The real key to resolving resentment is to realise that it is not the other person who is causing it, but that it is our own reaction. The actions of the other person may have precipitated the reaction, his words or deeds, his sin; but the reaction to those sins, words or deeds is purely our own.

We can only control what belongs to us; we cannot control another person. It is our decision to allow ourselves to be possessed by our passions and reactions, or to take control over our own lives. It is our decision to take responsibility for our own reactions, or to allow ourselves to be caught in the vicious cycle of blaming the other person, in resentment and self-righteousness.

Blame and resentment lead nowhere, except to bitterness and unhappiness. They make us into helpless victims, which in turn robs us of the power to take responsibility for ourselves.

Resentment comes when we refuse to forgive someone, justifying ourselves by our self-righteous indignation at being hurt. Some of these hurts can be very deep: abuse, abandonment, betrayal, rejection. Sometimes they can be very petty. We keep turning the hurt over and over in our minds, and refuse let it go by justifying our anger. Then we feel justified in hating or despising the person who hurt us. Doing this, we continue to beat ourselves up with someone else’s sin, and compound the other person’s sin by our own resentfulness. We blind ourselves to our own sin, and focus only on the sin of the other, and in so doing, we lose all perspective.

We have to put things into perspective, and realise that the other person’s actions are only part of the equation, and that our own reaction is entirely our own sin. To do this, we have to move towards forgiveness. To forgive does not mean to justify the other person’s sin. It does not mean that we absolve the other person—not hold them responsible for their sin. Rather, we acknowledge that they have sinned and that it hurt us. But what do we do with that hurt?

If we resent, we turn it against ourselves. But if we forgive, we accept the person for who he is, not according to his actions; we drop our judgment of the person. We realise that he is a sinner just like me. If I am aware of my own sins, I can never judge anyone.

We can begin to love him as we love ourselves, and excuse his falling short as we forgive ourselves. It helps when the person who hurt us asks for forgiveness, but it is not necessary. We must always forgive: not only because God forgave us; but also because we hurt ourselves by refusing to forgive.

Our resentments can also be extremely petty. Sometimes we resent because we cannot control or manipulate someone to behave according to our expectations.

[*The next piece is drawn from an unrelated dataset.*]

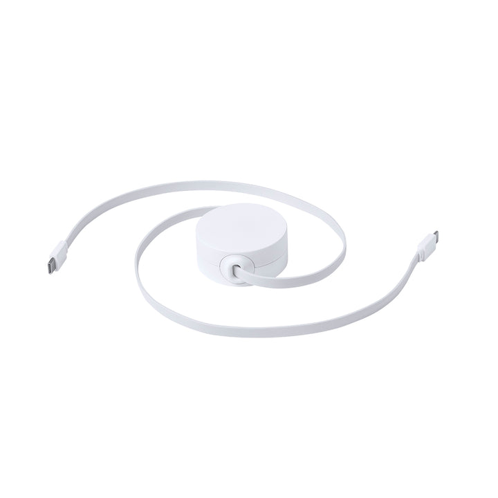 Verlängerbares Lade- und Synchronisationskabel, geeignet zum Aufladen von Geräten und zur Datenübermittlung. Hergestellt aus widerstandsfähigem weißem RABS. Zentraler Teil mit großer Brandingfläche und ausziehbarem Innenmechanismus. Mit Eingangs- und Ausgangsanschlüssen vom Typ C. Präsentiert in einer individuellen Tasche im Kraftdesign.RABS ist ein hochgradig recycelbarer und sehr widerstandsfähiger Kunststoff mit einer Vielzahl von Anwendungen, die ihn zu einer umweltfreundlichen Lösung machen. Mit RCS-Zertifizierung, die seine recycelte Herkunft garantiert.

We become resentful of our own frustration, where the other really had nothing to do with it.

All our expectations of other people are projections of our own self-centeredness. If we can let other people simply be who they are, and rejoice in that, then we will have tremendous peace!

We have to be watchful over ourselves, so that we do not allow ourselves to project our expectations on others, or allow resentment to grow within us. This kind of awareness, watchfulness, is nurtured by the practice of cutting off our thoughts and practicing inner stillness. By this, we practice cutting off our reactions, which all start with thoughts. We can come to see what is our own reaction, and what belongs to the other.

Eventually, we see that our judgment of the other is really about ourselves, our own actions, words, attitudes and temptations, which we see reflected in the other person. To face this means to face our own hypocrisy, and to change. If we judge and condemn someone for the same sins, thoughts, words and deeds that we have ourselves, then we are hypocrites. We must repent from our hypocrisy. This is real repentance: to recognize and acknowledge our own sin, and turn away from it towards God and towards our neighbour.

We have to see how our sins distract us from loving our neighbour, and from loving God. Our love of our brother is the criterion of our love of God. St John tells us, How can we love God whom we have not seen, if we can’t love our neighbour whom we can? If you say that you love God and hate your brother, you are a liar. If we love God, then we will forgive our neighbour, as God has also forgiven us.

The conscious awareness of our own reactions and judgments, of our attachment to our passions of anger and our own will, is the first level of spiritual awareness and  watchfulness. We have to move beyond self-centeredness (oblivious to others), to becoming self-aware, aware of our own inner processes through watching our thoughts and reactions.